Since I wrote two newspaper columns on saturated fat in February (along with a little supplemental blog content), I didn’t expect to be writing about it again so soon. Except, as you may have noticed, the debate over whether saturated fat contributes to poor health once again all over the news.
If you don’t delve much deeper than the headlines, it would be easy to think it’s time to tuck into an extra rasher of bacon or pile of pepperoni.* Not so. The international team of researchers behind this latest meta-analysis in the Annals of Internal Medicine state in their conclusion that their findings “did not yield clearly supportive evidence for current cardiovascular guidelines that encourage high consumption of polyunsaturated fatty acids and low consumption of saturated fats.” They’re saying that saturated fat is neither harmful nor beneficial to health–it’s neutral.
Unfortunately the continued focus on fat perpetuates the decades-long reductionist nutritional thinking that has so many people:
- Ping-ponging between widely different diets based primarily on whether they are high or low in fat, carbohydrates or protein (macronutrients).
- Swallowing supplements of the important vitamin, mineral, antioxidant (micronutrients) or phytochemical du jour.

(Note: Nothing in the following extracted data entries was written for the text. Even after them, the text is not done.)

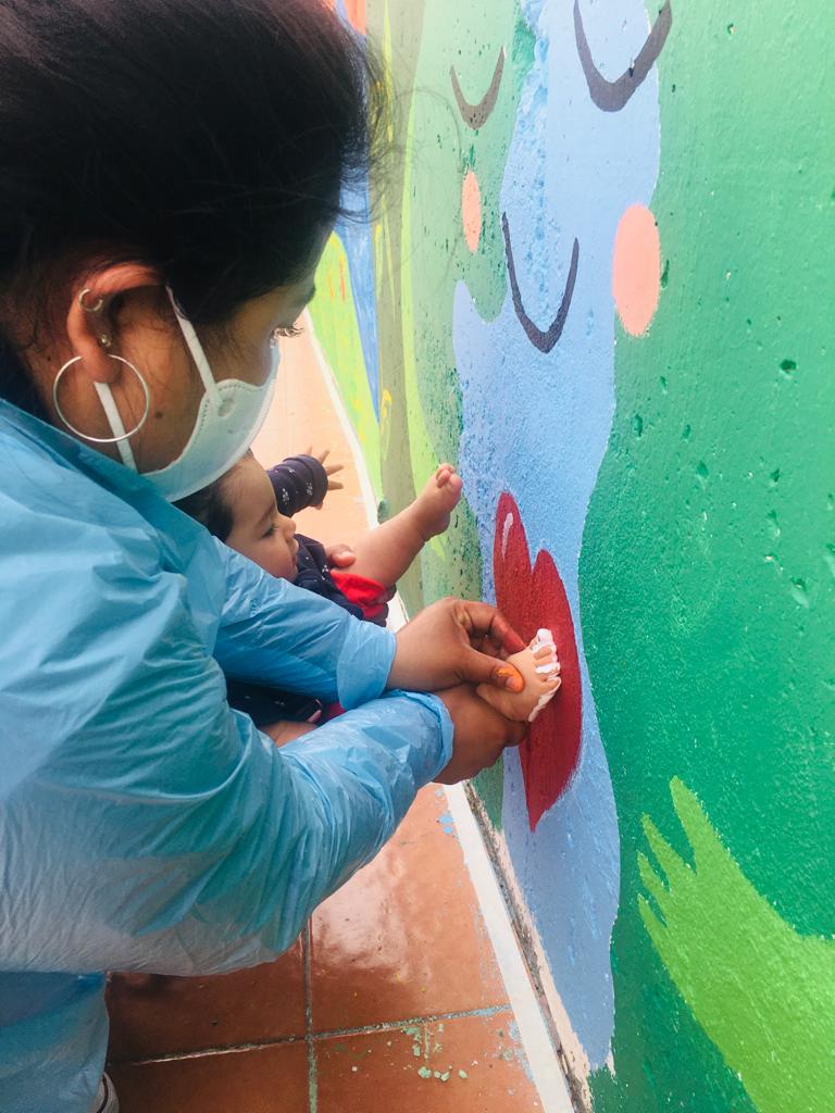 Sobre la intervención en los espacios y trabajo con la comunidad, Sandra Tacuma de ARTCC, indica. “Fue una experiencia mágica trabajar con el jardín. Mágico porque estábamos cerrando el proceso de postulación con FONDART con otro espacio, cuando nos contactaron desde el jardín. Vinimos y nos encantó. Nos interesa el trabajo con la comunidad, pero además de co-creación. Esto significa que no siendo artistas, hago una dirección, mas no influyo en el diseño, tomas de decisiones, en el pintar. Es una pequeña asesoría que vamos haciendo, pero quienes co-crean es la comunidad. Niños, apoderados, profesionales, muchos apostaron para esta co-creación. Las temáticas tienen que ver con el medio ambiente y la observación, mientras que el diseño del espacio de intervención de piso, es para que toda la comunidad, pueda acceder a jugar, respirar, sentarse, hay espacios para bailar. Es una herramienta de aprendizaje, intencionamos la secuencia de números, letras, de acuerdo a la edad de los niños”.
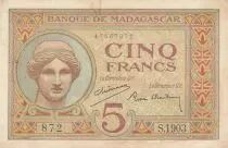Billet Madagascar 5 Francs - Déesse Junon - 1937 - Sign. Chaudun - Série S.1903
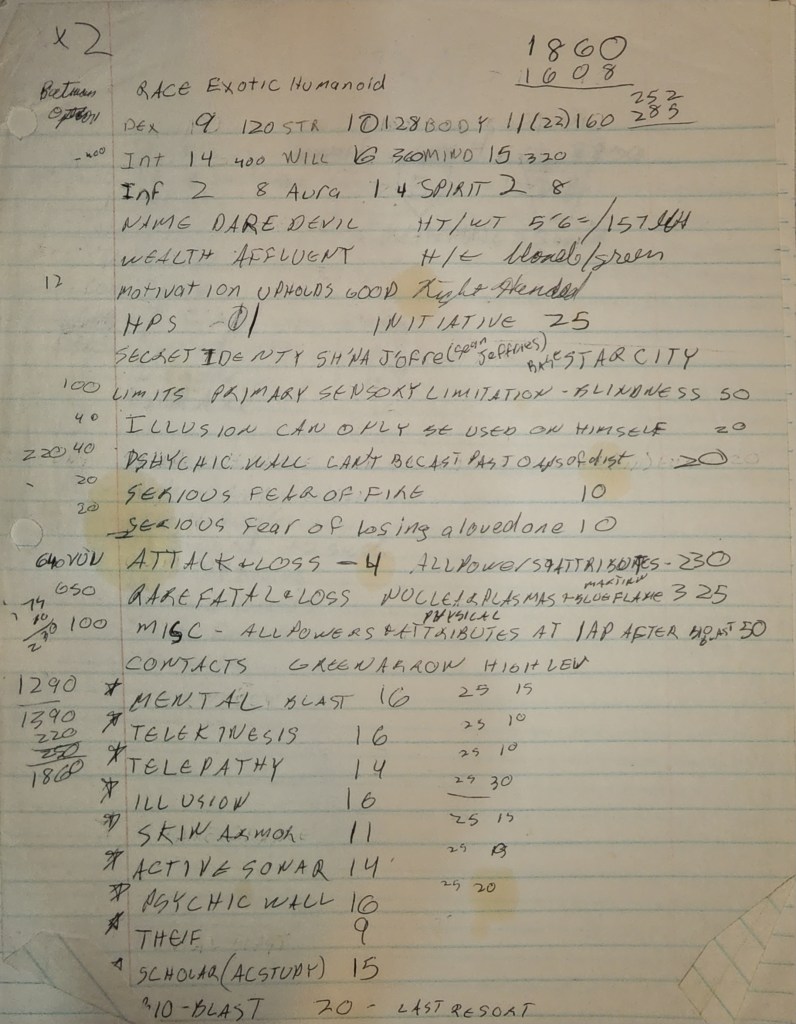 Heck, by the time I got to college, I could write down an entire DC Heroes character from scratch without even picking up a rulebook and still have it come out balanced and point correct. But there were a few games that gave us a tough time and required a trip to the copier, unfortunately.

The truth is, no nutrient–macro or micro–exists in a vacuum, and the relative healthfulness of your diet depends on far more than the presence or absence of any one nutrient. One of the paper’s co-authors, Dariush Mozzaffarian, advocates moving away from the focus on single-nutrient recommendations. He has been vocal in the past about how cutting fat and adding in extra carbohydrates (especially refined carbohydrates) is not a recipe for good health. In an NPR article, he said a healthful diet should include a wide variety of minimally processed, whole foods such as nuts and vegetable and olive oils, as well as fish, fruits, vegetables and small portions of animal products such as yogurt and cheese.

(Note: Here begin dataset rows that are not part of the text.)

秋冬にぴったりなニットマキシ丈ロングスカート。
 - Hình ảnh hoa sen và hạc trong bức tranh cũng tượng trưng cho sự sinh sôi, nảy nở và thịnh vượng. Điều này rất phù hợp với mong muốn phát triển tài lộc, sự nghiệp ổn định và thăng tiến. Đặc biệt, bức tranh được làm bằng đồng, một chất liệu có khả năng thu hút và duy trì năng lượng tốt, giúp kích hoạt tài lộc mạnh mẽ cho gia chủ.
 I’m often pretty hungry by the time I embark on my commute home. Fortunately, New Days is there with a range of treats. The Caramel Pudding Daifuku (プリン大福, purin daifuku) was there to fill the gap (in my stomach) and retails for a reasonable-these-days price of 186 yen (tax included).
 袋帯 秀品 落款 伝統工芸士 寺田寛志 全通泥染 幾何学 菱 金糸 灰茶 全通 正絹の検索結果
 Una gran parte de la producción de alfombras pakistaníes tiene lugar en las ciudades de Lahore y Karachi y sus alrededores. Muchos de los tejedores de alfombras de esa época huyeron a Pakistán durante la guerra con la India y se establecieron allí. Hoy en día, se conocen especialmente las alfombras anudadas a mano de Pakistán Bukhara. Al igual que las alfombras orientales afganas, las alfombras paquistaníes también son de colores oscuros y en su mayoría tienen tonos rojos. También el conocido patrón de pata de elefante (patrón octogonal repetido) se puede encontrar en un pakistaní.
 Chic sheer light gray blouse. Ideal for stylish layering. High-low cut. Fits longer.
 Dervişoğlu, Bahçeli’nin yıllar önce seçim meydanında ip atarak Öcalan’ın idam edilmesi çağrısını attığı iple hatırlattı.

In an article posted yesterday, Dr. David Katz had some criticisms about some of the methodologies of this recent study, brings up the issue of what happens when we eat less saturated fat but more sugar, and nicely wraps around to how “our one-nutrient-at-a-time approach to diet and health has been a decades long public health boondoggle” and that “dietary guidance must be about the whole diet, and should be directed at foods rather than nutrients.” Agreed, and nicely put.
On Whole Health Source, Stephan Guyenet also offers come criticisms and some broad view perspective, including why this study “doesn’t mean it’s prudent to eat a bacon and butter diet.”
* Processed meats like pepperoni, hot dogs and cured bacon have been consistently shown to be detrimental to health, likely due to what is done to–and added to–the meat during processing.